In the answer, each line from the top of the material through the line that contains "준비 방법 소득·자산" is restated exactly. No picture is given again.

Exercise data section start

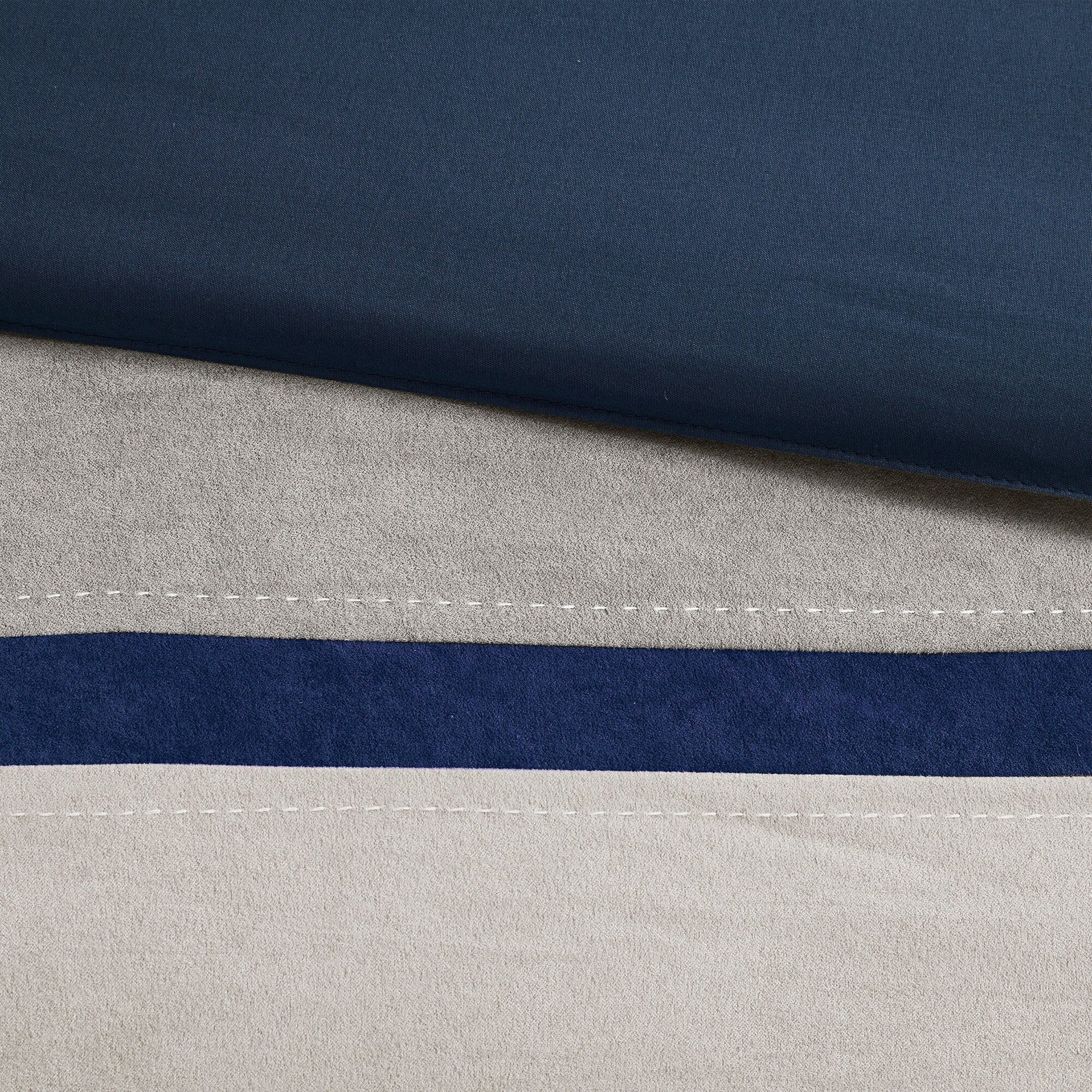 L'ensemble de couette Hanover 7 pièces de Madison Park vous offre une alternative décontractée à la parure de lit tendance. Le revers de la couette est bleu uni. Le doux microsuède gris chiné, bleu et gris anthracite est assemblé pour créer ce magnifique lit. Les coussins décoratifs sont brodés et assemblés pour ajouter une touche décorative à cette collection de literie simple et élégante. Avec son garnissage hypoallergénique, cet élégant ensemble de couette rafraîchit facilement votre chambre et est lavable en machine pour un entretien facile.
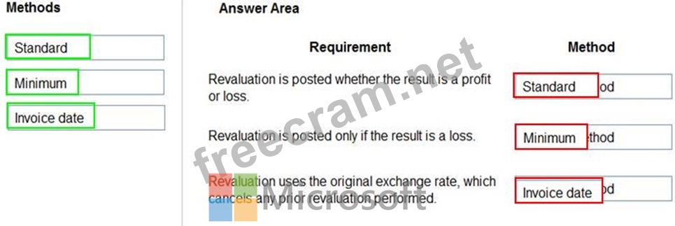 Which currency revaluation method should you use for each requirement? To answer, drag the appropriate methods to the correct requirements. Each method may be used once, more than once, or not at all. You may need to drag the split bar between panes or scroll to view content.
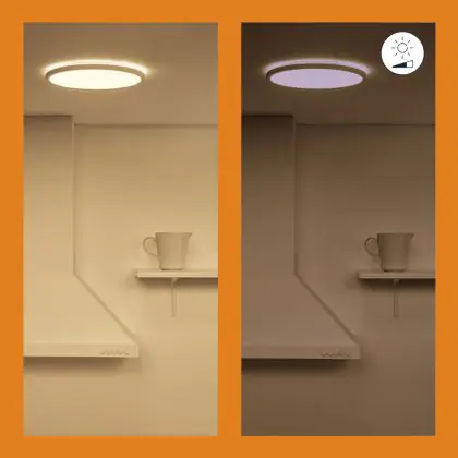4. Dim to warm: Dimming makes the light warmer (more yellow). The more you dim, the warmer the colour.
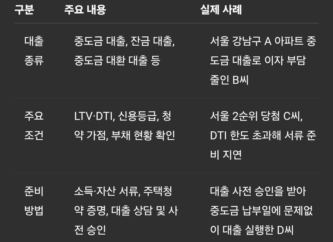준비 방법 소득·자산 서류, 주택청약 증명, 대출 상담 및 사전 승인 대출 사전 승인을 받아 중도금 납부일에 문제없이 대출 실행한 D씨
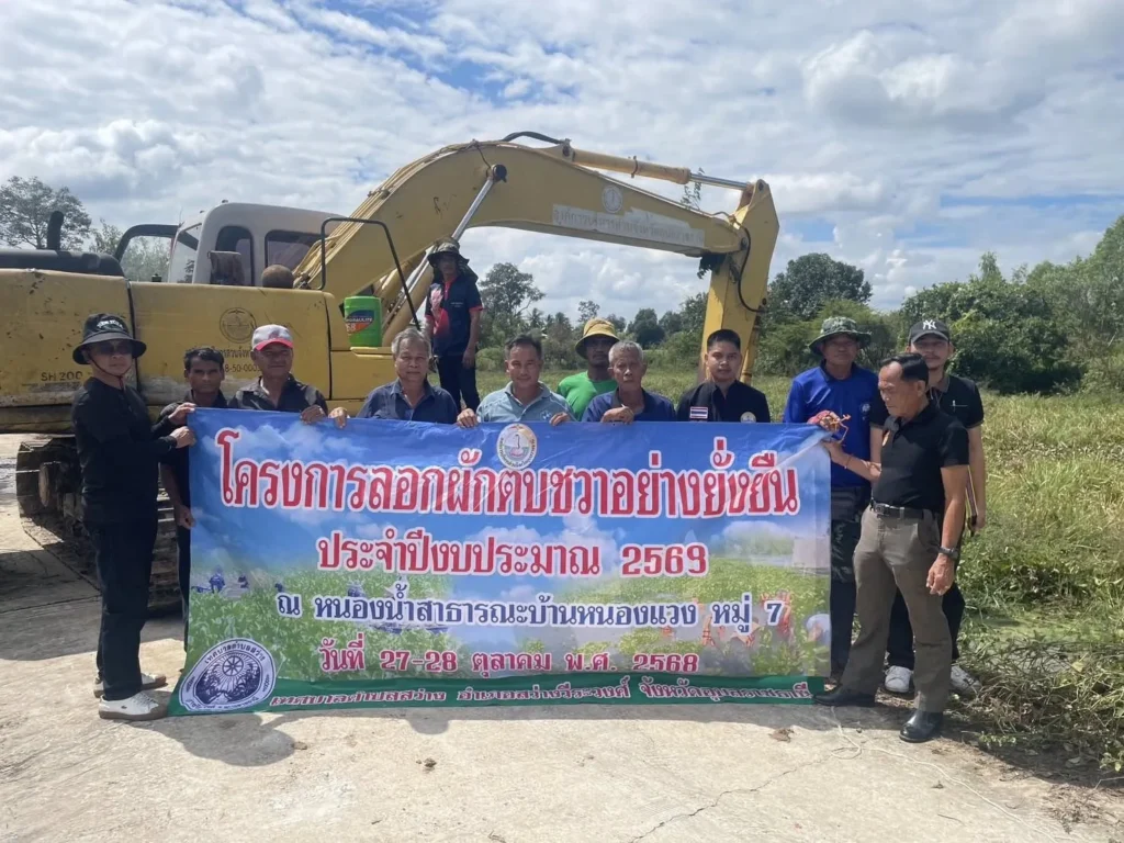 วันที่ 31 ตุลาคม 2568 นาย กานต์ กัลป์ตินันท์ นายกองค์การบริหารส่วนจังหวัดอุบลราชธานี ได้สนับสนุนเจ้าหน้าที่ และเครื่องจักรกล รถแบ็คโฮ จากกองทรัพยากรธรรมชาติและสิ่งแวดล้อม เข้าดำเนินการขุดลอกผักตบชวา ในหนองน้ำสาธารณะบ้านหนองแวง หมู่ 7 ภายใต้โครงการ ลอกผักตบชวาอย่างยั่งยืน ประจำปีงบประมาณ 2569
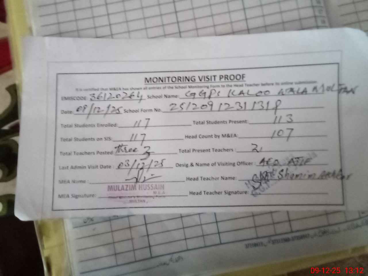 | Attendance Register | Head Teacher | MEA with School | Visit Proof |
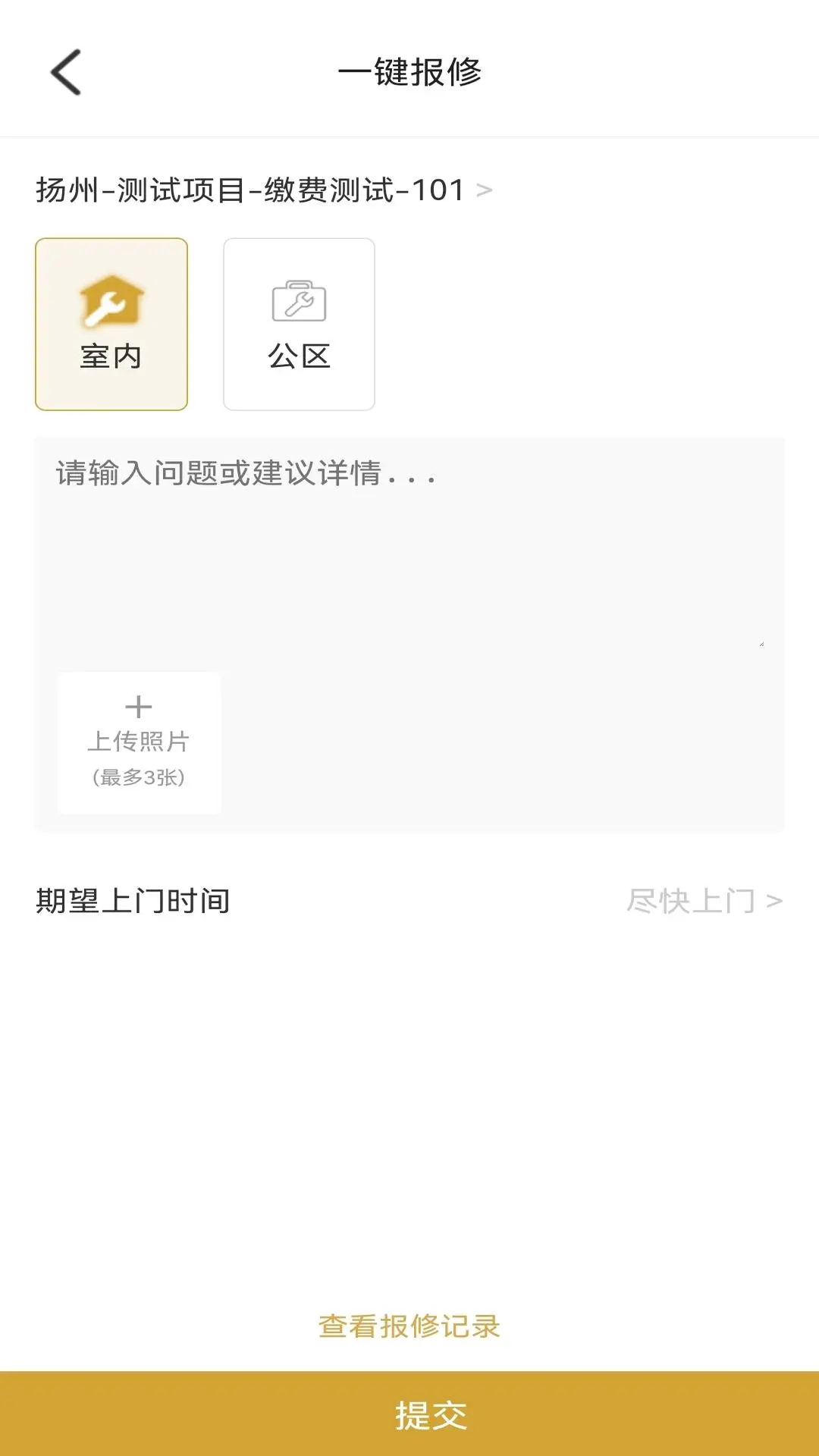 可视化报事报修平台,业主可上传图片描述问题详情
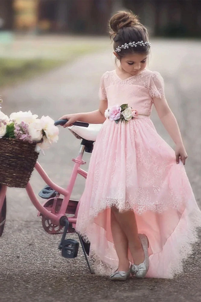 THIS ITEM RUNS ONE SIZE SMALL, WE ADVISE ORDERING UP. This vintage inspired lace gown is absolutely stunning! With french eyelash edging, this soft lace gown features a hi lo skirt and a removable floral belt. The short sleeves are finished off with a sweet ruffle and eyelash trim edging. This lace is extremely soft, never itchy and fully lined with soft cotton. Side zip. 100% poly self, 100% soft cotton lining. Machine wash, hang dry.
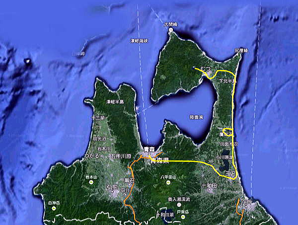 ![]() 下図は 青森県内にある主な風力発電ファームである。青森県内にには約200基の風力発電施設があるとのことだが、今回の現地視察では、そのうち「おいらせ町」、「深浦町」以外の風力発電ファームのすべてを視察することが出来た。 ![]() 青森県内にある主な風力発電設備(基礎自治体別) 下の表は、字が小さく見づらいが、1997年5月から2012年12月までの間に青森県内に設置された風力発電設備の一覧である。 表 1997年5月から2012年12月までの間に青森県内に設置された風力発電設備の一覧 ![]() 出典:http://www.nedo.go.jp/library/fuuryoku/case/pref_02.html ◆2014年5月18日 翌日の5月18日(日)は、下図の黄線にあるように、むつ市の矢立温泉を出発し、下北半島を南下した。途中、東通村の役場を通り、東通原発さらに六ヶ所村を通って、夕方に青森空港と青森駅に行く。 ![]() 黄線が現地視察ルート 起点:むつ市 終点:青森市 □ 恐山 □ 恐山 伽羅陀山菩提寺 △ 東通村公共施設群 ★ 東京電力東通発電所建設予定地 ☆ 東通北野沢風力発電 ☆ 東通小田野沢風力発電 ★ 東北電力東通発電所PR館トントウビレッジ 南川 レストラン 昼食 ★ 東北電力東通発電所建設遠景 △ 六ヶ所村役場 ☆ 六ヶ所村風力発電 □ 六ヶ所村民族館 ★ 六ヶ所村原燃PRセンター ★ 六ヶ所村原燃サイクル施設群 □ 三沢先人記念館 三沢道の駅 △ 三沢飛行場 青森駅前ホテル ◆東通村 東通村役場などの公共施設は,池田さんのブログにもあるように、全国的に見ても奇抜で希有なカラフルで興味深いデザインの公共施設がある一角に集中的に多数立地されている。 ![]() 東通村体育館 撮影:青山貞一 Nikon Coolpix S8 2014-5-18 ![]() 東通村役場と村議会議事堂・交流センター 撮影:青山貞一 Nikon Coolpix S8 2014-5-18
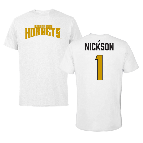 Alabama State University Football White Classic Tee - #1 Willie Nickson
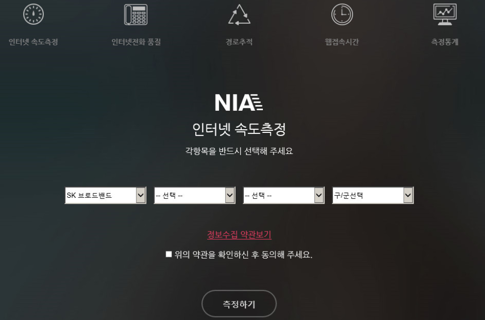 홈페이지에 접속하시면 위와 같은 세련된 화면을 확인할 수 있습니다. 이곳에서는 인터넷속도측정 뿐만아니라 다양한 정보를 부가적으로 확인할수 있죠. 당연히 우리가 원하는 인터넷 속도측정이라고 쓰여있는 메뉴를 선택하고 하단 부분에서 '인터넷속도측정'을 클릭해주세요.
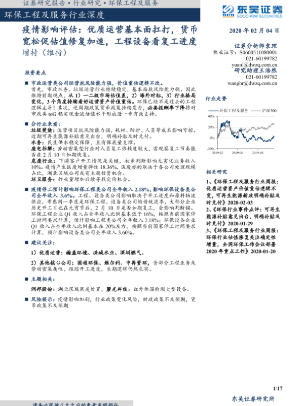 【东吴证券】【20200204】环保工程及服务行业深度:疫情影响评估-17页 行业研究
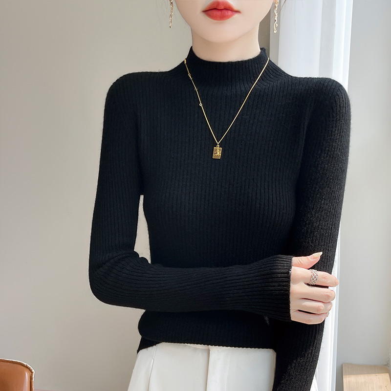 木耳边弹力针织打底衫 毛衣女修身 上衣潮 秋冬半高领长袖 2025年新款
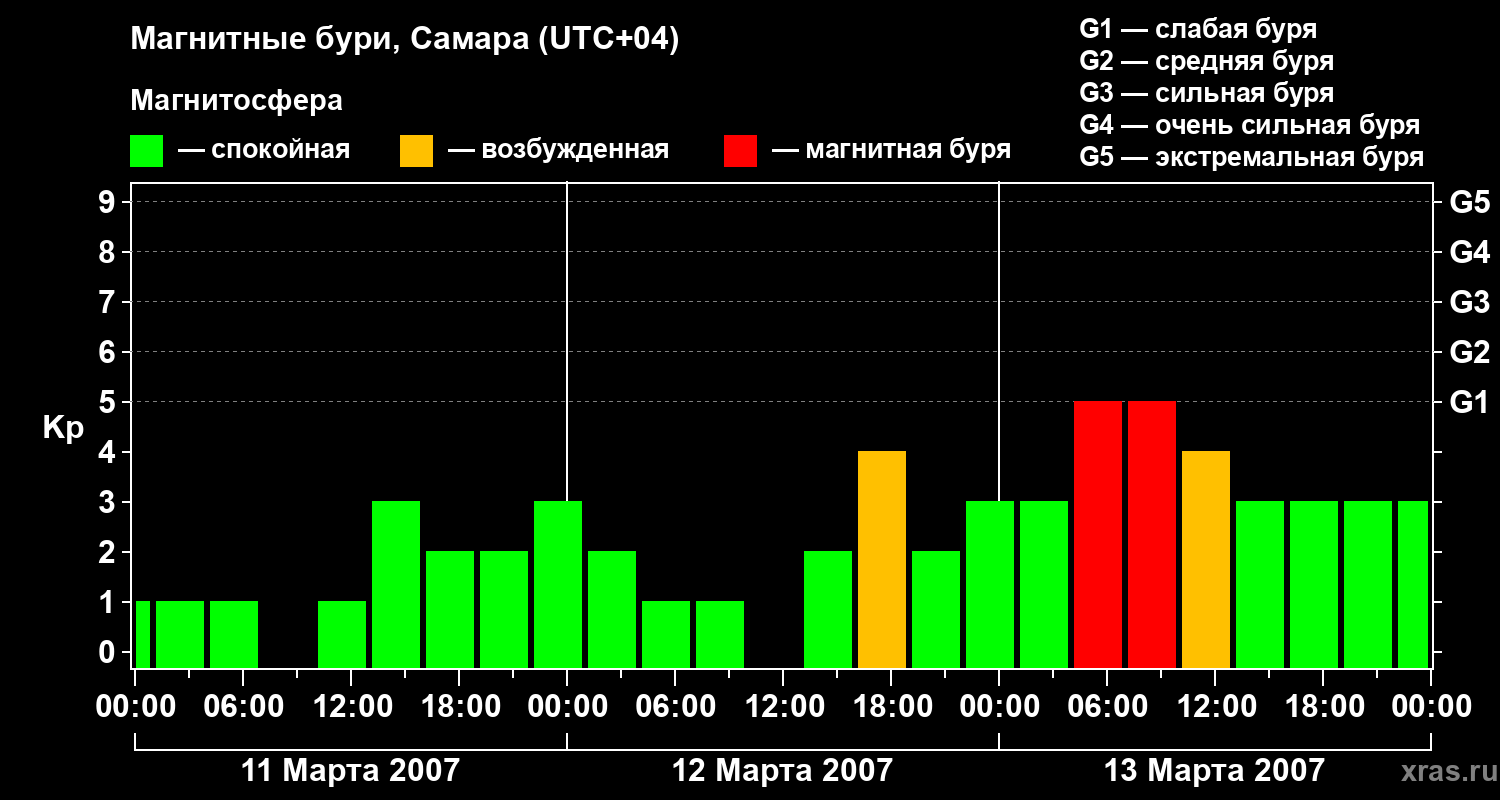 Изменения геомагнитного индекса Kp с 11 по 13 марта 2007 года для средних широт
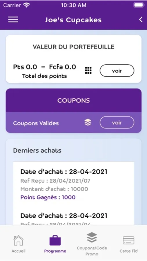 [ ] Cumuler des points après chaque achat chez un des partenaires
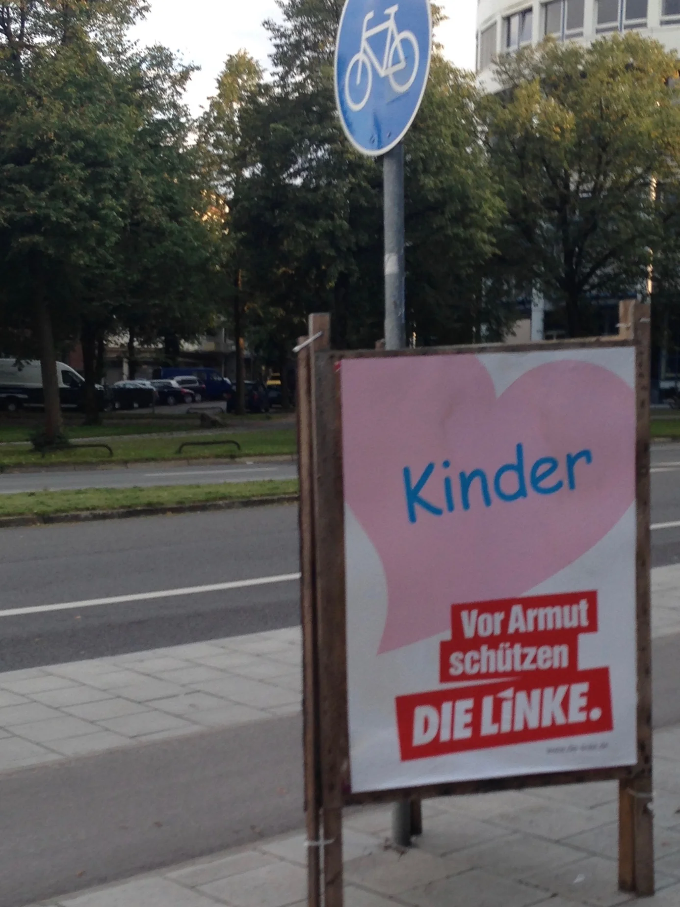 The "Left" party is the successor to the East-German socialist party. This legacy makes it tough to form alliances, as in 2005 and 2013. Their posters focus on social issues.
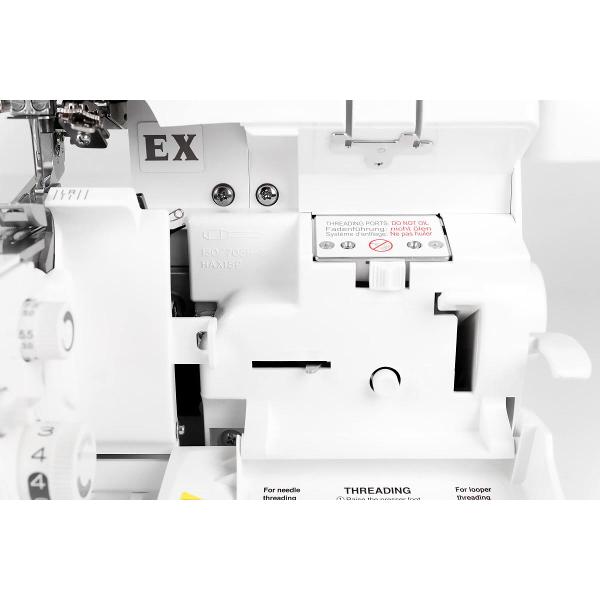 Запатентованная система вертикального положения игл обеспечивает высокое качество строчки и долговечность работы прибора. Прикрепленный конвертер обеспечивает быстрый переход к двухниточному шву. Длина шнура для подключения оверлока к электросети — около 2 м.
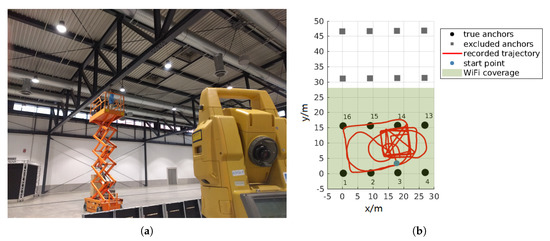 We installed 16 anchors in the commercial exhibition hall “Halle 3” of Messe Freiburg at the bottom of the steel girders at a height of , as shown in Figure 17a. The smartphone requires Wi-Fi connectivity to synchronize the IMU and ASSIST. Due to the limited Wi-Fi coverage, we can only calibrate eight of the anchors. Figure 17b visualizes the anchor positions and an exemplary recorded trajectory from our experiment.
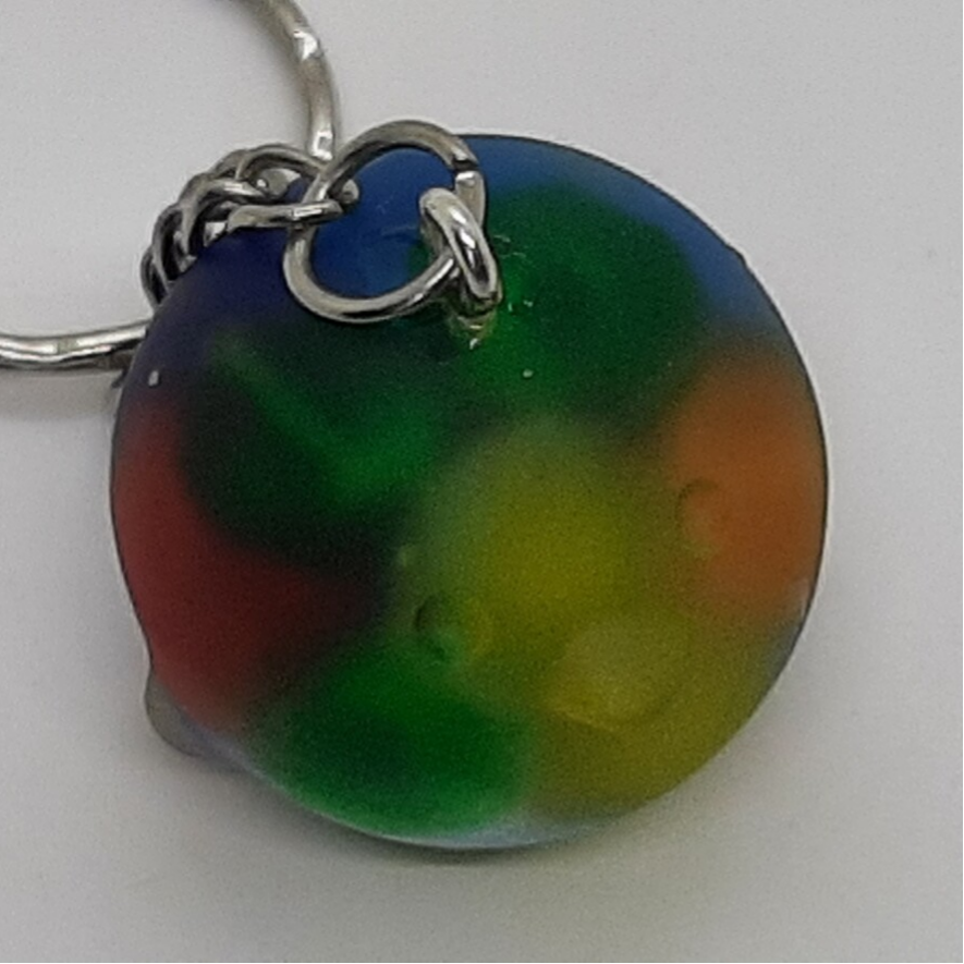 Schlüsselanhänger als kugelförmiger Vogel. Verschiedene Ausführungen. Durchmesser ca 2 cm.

Exercise data section end

# Response to this task
 L'ensemble de couette Hanover 7 pièces de Madison Park vous offre une alternative décontractée à la parure de lit tendance. Le revers de la couette est bleu uni. Le doux microsuède gris chiné, bleu et gris anthracite est assemblé pour créer ce magnifique lit. Les coussins décoratifs sont brodés et assemblés pour ajouter une touche décorative à cette collection de literie simple et élégante. Avec son garnissage hypoallergénique, cet élégant ensemble de couette rafraîchit facilement votre chambre et est lavable en machine pour un entretien facile.
 Which currency revaluation method should you use for each requirement? To answer, drag the appropriate methods to the correct requirements. Each method may be used once, more than once, or not at all. You may need to drag the split bar between panes or scroll to view content.
4. Dim to warm: Dimming makes the light warmer (more yellow). The more you dim, the warmer the colour.
준비 방법 소득·자산 서류, 주택청약 증명, 대출 상담 및 사전 승인 대출 사전 승인을 받아 중도금 납부일에 문제없이 대출 실행한 D씨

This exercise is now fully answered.